EXERCISE DESCRIPTION:
Where the string "house" occurs in a line of the data below, that line should be copied.

SOURCE MATERIAL:

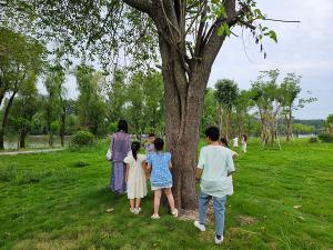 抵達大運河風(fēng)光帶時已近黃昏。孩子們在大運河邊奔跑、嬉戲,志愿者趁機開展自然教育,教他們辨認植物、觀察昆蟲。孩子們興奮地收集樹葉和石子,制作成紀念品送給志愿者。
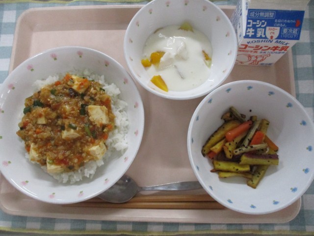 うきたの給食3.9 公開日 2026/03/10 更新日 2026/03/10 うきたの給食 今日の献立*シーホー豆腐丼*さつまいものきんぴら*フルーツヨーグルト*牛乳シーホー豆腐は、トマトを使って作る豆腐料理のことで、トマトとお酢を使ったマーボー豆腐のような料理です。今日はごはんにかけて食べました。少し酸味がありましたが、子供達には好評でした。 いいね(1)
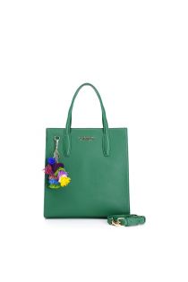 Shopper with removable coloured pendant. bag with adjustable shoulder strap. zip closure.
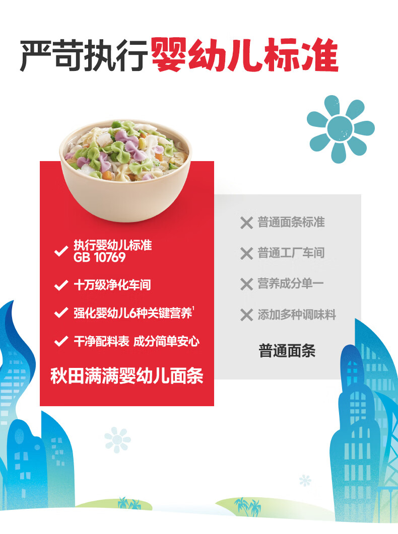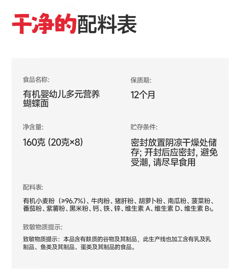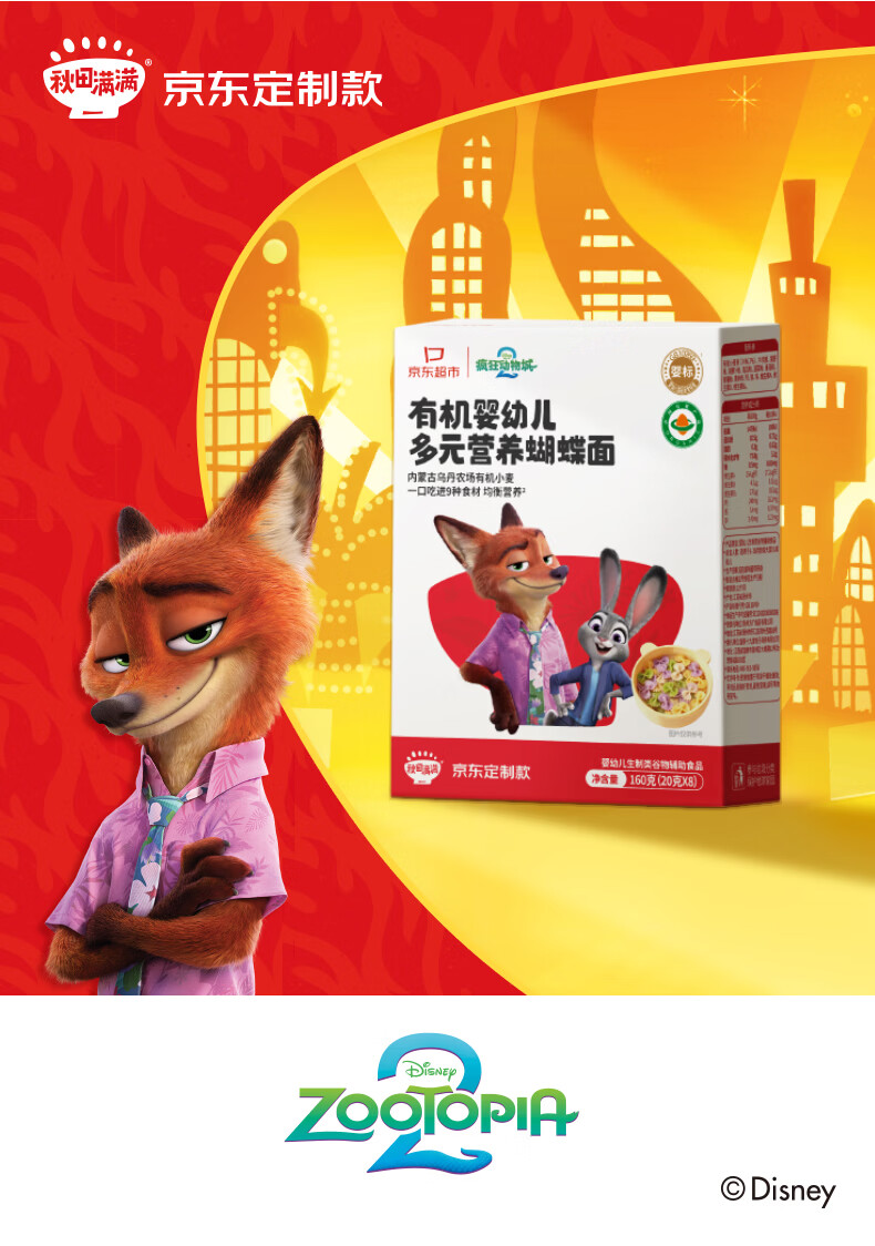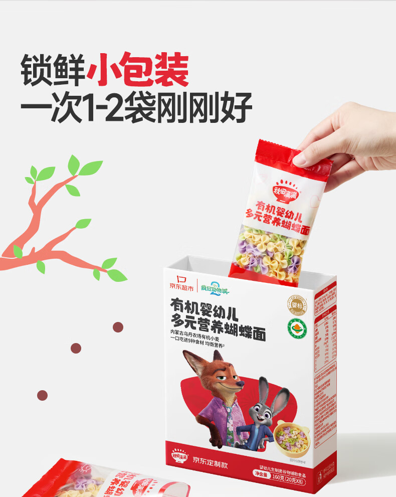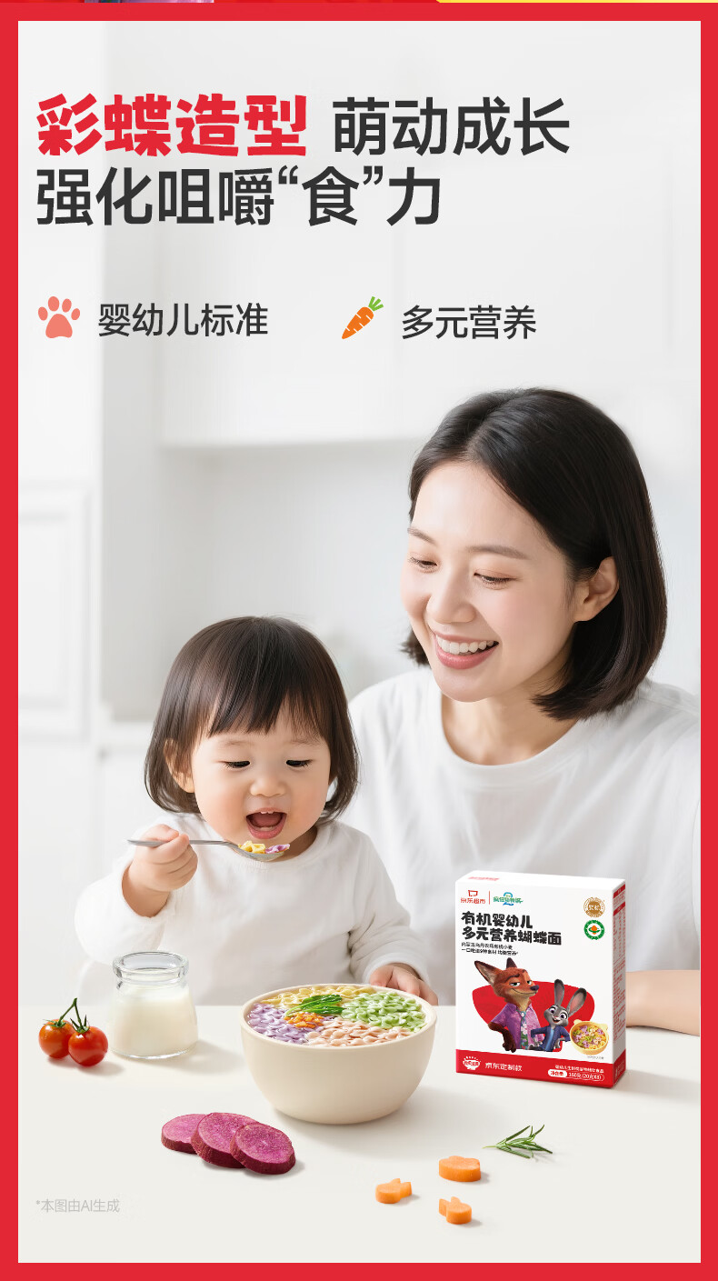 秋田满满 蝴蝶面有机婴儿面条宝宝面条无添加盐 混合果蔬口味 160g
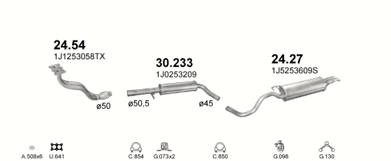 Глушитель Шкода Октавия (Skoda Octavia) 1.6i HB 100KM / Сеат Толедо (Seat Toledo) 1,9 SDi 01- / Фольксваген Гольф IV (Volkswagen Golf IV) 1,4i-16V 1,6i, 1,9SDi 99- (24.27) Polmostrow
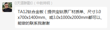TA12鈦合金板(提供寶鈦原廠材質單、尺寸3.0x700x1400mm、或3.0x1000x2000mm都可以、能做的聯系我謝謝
--
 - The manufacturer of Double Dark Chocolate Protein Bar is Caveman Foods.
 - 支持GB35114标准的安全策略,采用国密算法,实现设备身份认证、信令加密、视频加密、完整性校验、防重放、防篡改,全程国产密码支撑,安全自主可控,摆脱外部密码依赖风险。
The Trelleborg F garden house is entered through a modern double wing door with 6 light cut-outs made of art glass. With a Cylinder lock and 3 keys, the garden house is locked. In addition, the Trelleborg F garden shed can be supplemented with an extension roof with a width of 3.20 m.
---
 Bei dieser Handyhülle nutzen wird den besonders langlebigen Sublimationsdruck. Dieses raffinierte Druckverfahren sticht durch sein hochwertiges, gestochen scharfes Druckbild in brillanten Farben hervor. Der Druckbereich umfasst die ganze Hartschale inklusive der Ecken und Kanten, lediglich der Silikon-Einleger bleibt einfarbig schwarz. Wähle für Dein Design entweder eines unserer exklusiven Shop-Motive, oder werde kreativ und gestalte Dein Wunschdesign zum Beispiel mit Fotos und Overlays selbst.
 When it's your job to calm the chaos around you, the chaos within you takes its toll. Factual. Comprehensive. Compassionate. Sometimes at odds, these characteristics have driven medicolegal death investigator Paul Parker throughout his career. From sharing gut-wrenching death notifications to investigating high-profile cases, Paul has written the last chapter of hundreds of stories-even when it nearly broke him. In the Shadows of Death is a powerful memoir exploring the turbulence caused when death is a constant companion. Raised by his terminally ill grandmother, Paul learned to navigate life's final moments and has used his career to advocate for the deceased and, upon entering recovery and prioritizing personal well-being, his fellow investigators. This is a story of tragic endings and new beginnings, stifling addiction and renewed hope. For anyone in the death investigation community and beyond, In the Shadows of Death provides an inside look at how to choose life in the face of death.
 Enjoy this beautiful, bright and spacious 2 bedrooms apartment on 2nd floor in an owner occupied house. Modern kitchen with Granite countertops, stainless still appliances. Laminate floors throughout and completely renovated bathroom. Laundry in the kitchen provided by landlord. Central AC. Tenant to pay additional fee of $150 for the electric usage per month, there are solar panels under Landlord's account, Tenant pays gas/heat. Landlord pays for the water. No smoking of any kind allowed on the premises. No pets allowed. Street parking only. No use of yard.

RESPONSE AREA:
The Trelleborg F garden house is entered through a modern double wing door with 6 light cut-outs made of art glass. With a Cylinder lock and 3 keys, the garden house is locked. In addition, the Trelleborg F garden shed can be supplemented with an extension roof with a width of 3.20 m.
 Enjoy this beautiful, bright and spacious 2 bedrooms apartment on 2nd floor in an owner occupied house. Modern kitchen with Granite countertops, stainless still appliances. Laminate floors throughout and completely renovated bathroom. Laundry in the kitchen provided by landlord. Central AC. Tenant to pay additional fee of $150 for the electric usage per month, there are solar panels under Landlord's account, Tenant pays gas/heat. Landlord pays for the water. No smoking of any kind allowed on the premises. No pets allowed. Street parking only. No use of yard.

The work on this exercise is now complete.